+++ Exercise input

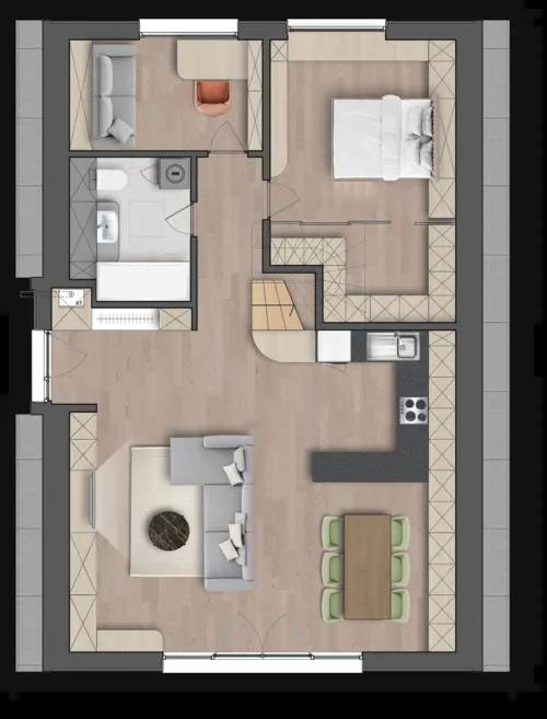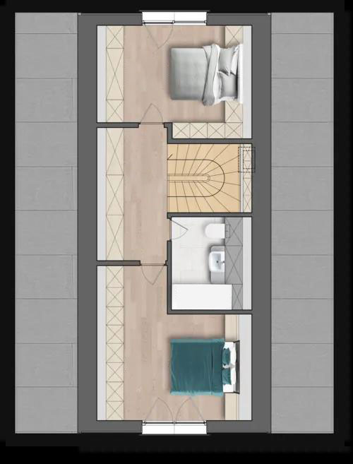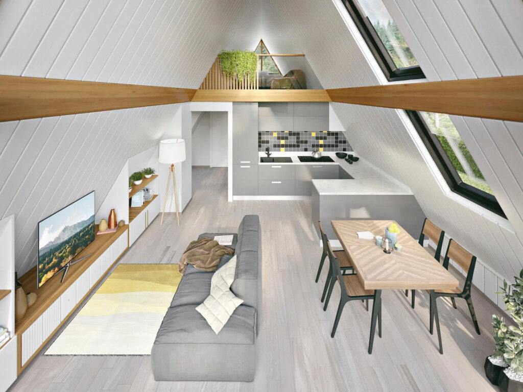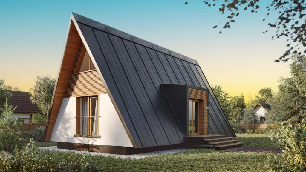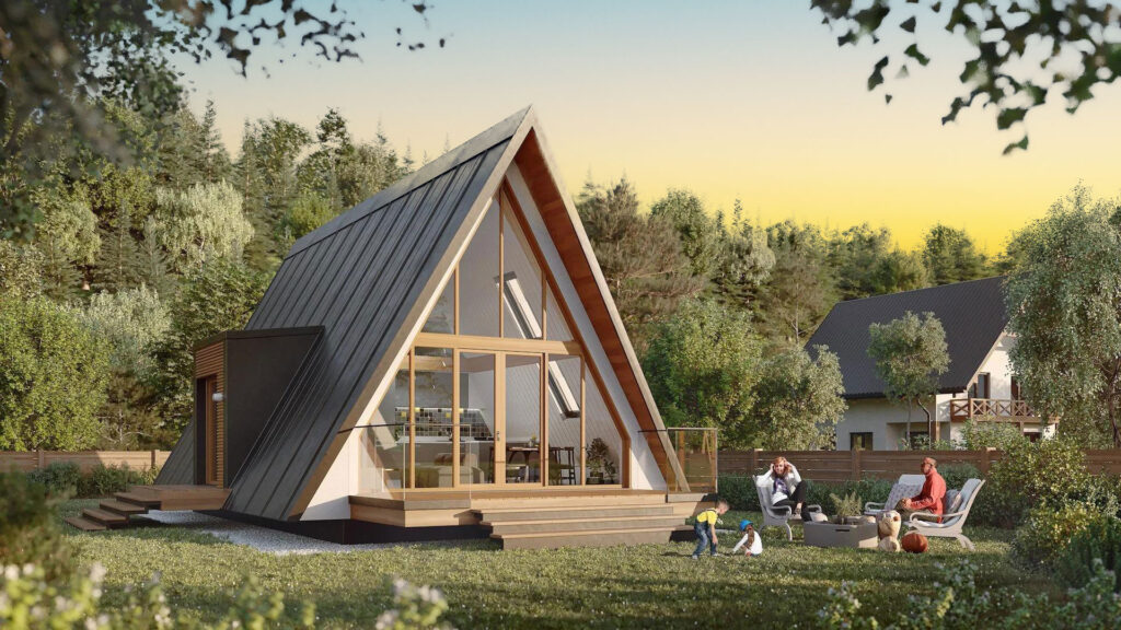 A-Frame View kuća modernog dizajna. Kuća je na dve etaže sa tri spavaće sobe i dva kupatila, ovaj model kuće izdvaja i velika garaža za dva vozila iznad koje se prostire velika terasa na spratu.
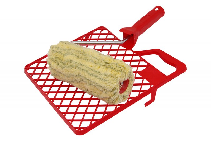 Mřížka 180 (230x260mm). Rukojeť 180x8mm. PES váleček - použití pro disperzní a latexové barvy/laky. Vyrobeno v EU.
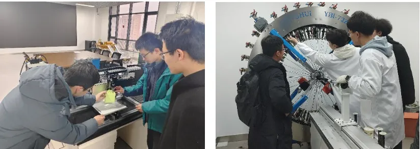 西安交通大学机械工程学院深度实践产教融合的育人理念,在学校未来技术学院智能制造方向这块“试验田”打造了“理论+实践”双课联动的新模式,以项目制推动创新人才培养与行业需求紧密联动。2024年1月14日,未来技术学院智能制造方向首批本科生的智能制造工艺与装备(理论课,3学分)、智能制造工艺与系统控制(实践课,2学分)在中国西部科技创新港20号楼顺利完成课程项目答辩。该课程以航天六院、航天五院的工程任务需求为牵引,在实战中培养学生解决复杂工程问题的能力,其中(1)理论课以航天发动机工艺需求主线,从材料成型机理讲述传统加工工艺以及电、物理、化学等特种加工工艺的原理;(2)实践课以新型航天器工艺需求为主线,设置了可重构天线制造、复合材料编织成型两个课题。会上两个项目组分别完成了PPT讲解和现场成果展示,受到校内外专家一致好评。课程答辩专家包括航天科技集团六院7103厂郑伟研究员、航天科技集团五院504所王一喆高工、机械基础国家级实验教学示范中心王保建研究员、机械学院国际机械中心周晋教授、陈帅教授,未来技术学院人才培养办公室樊芃参加会议,机械学院航天制造与信息工程研究所刘金鑫教授主持会议,机械学院马猛、张迪、王晨希、孙若斌等授课教师以及若干研究生助教参与会议。
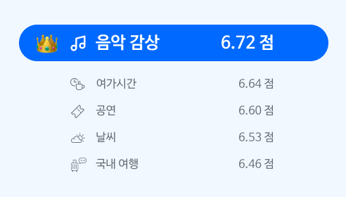 - 상위 점수 토픽들은 평균 6점대의 점수를 가지고 있어요. 그 중 음악감상과 여가시간, 공연이 6.6점 이상의 평균을 가지고 있으며, 날씨 6.53점, 국내여행 6.46점이 뒤를 따르고 있습니다. 이 토픽들은 이야기 거리가 많고, 비교적 쉬운 단어들을 사용하여 답변할 수 있어요.
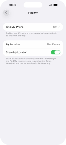 Press the indicator next to "Send Last Location" to turn the function on or off.
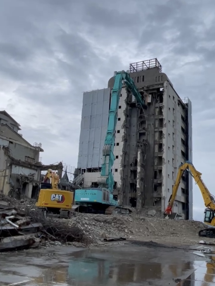 この解体作業には、日本国内に数台しかない大型重機が九州より搬入されており、その規模の大きさに、私どもも復興への強い意志を感じております。
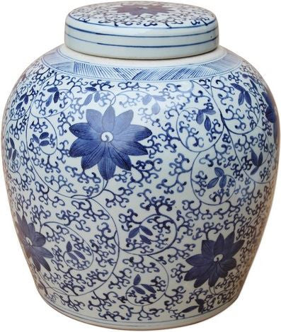 B&W Twisted Vine Floral Lidded Ming Jar Large
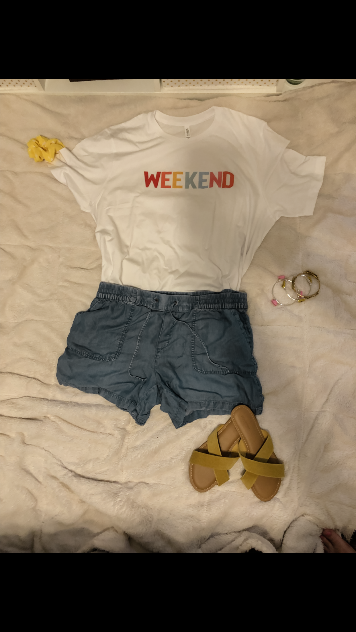 T-Shirt (xl) // Similar Shorts (large) // Similar Shoes // Scrunchie (colors vary)//Bracelets from The Sandy Pearls
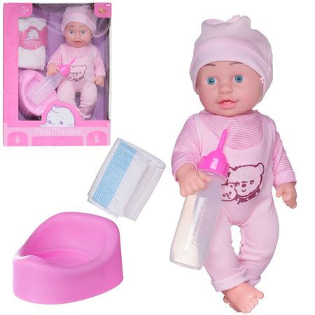 Играть с пупсом любит каждая девочка, ведь игра в «Дочки-матери» — важная и неотъемлемая часть ее детства. Симпатичная кукла-пупс из серии «Мой малыш» от бренда Abtoys выглядит как настоящий маленький ребенок. Пупс одет в розовые комбинезон и шапочку, имеет твердое пластиковое тело, подвижные руки и ноги. Если нажать на его животик, то пупсик будет издавать звуки. Кукла упакована в подарочную красивую коробку. Играя с пупсом, маленькая девочка будет развивать фантазию, воображение, коммуникативные способности, приобретать навыки заботы о близких.Высота пупса: 30 см.Комплектность: пупс – 1 шт., бутылочка для кормления – 1 шт., горшок – 1 шт., подгузник – 1 шт.Материал: полимерный материал, текстиль.Для работы требуются: 3 батарейки типа «AG13» (в комплекте).
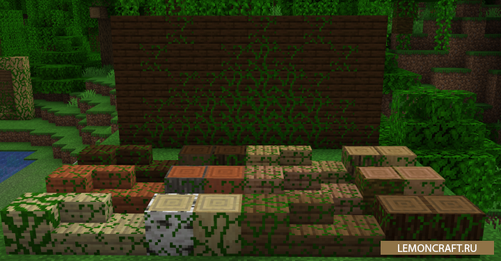 Мод на заросшие блоки Overgrown Blocks добавляет в игру новую механику при которой каменные и деревянные блоки будут со временем зарастать травой. Следя за ростом этой травы вы реально оцените, как течет время в игре.
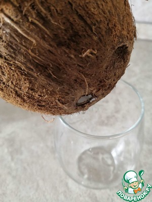 Подготовим кокос. Делаем ножом дырочку и сливаем жидкость.

++++++

» **What to work on**:
Repeat the material verbatim. Do not carry over any picture.

» **Completed task**:
 A-Frame View kuća modernog dizajna. Kuća je na dve etaže sa tri spavaće sobe i dva kupatila, ovaj model kuće izdvaja i velika garaža za dva vozila iznad koje se prostire velika terasa na spratu.
 Mřížka 180 (230x260mm). Rukojeť 180x8mm. PES váleček - použití pro disperzní a latexové barvy/laky. Vyrobeno v EU.
 西安交通大学机械工程学院深度实践产教融合的育人理念,在学校未来技术学院智能制造方向这块“试验田”打造了“理论+实践”双课联动的新模式,以项目制推动创新人才培养与行业需求紧密联动。2024年1月14日,未来技术学院智能制造方向首批本科生的智能制造工艺与装备(理论课,3学分)、智能制造工艺与系统控制(实践课,2学分)在中国西部科技创新港20号楼顺利完成课程项目答辩。该课程以航天六院、航天五院的工程任务需求为牵引,在实战中培养学生解决复杂工程问题的能力,其中(1)理论课以航天发动机工艺需求主线,从材料成型机理讲述传统加工工艺以及电、物理、化学等特种加工工艺的原理;(2)实践课以新型航天器工艺需求为主线,设置了可重构天线制造、复合材料编织成型两个课题。会上两个项目组分别完成了PPT讲解和现场成果展示,受到校内外专家一致好评。课程答辩专家包括航天科技集团六院7103厂郑伟研究员、航天科技集团五院504所王一喆高工、机械基础国家级实验教学示范中心王保建研究员、机械学院国际机械中心周晋教授、陈帅教授,未来技术学院人才培养办公室樊芃参加会议,机械学院航天制造与信息工程研究所刘金鑫教授主持会议,机械学院马猛、张迪、王晨希、孙若斌等授课教师以及若干研究生助教参与会议。
 - 상위 점수 토픽들은 평균 6점대의 점수를 가지고 있어요. 그 중 음악감상과 여가시간, 공연이 6.6점 이상의 평균을 가지고 있으며, 날씨 6.53점, 국내여행 6.46점이 뒤를 따르고 있습니다. 이 토픽들은 이야기 거리가 많고, 비교적 쉬운 단어들을 사용하여 답변할 수 있어요.
 Press the indicator next to "Send Last Location" to turn the function on or off.
 この解体作業には、日本国内に数台しかない大型重機が九州より搬入されており、その規模の大きさに、私どもも復興への強い意志を感じております。
 B&W Twisted Vine Floral Lidded Ming Jar Large
 T-Shirt (xl) // Similar Shorts (large) // Similar Shoes // Scrunchie (colors vary)//Bracelets from The Sandy Pearls
 Играть с пупсом любит каждая девочка, ведь игра в «Дочки-матери» — важная и неотъемлемая часть ее детства. Симпатичная кукла-пупс из серии «Мой малыш» от бренда Abtoys выглядит как настоящий маленький ребенок. Пупс одет в розовые комбинезон и шапочку, имеет твердое пластиковое тело, подвижные руки и ноги. Если нажать на его животик, то пупсик будет издавать звуки. Кукла упакована в подарочную красивую коробку. Играя с пупсом, маленькая девочка будет развивать фантазию, воображение, коммуникативные способности, приобретать навыки заботы о близких.Высота пупса: 30 см.Комплектность: пупс – 1 шт., бутылочка для кормления – 1 шт., горшок – 1 шт., подгузник – 1 шт.Материал: полимерный материал, текстиль.Для работы требуются: 3 батарейки типа «AG13» (в комплекте).
 Мод на заросшие блоки Overgrown Blocks добавляет в игру новую механику при которой каменные и деревянные блоки будут со временем зарастать травой. Следя за ростом этой травы вы реально оцените, как течет время в игре.
 Подготовим кокос. Делаем ножом дырочку и сливаем жидкость.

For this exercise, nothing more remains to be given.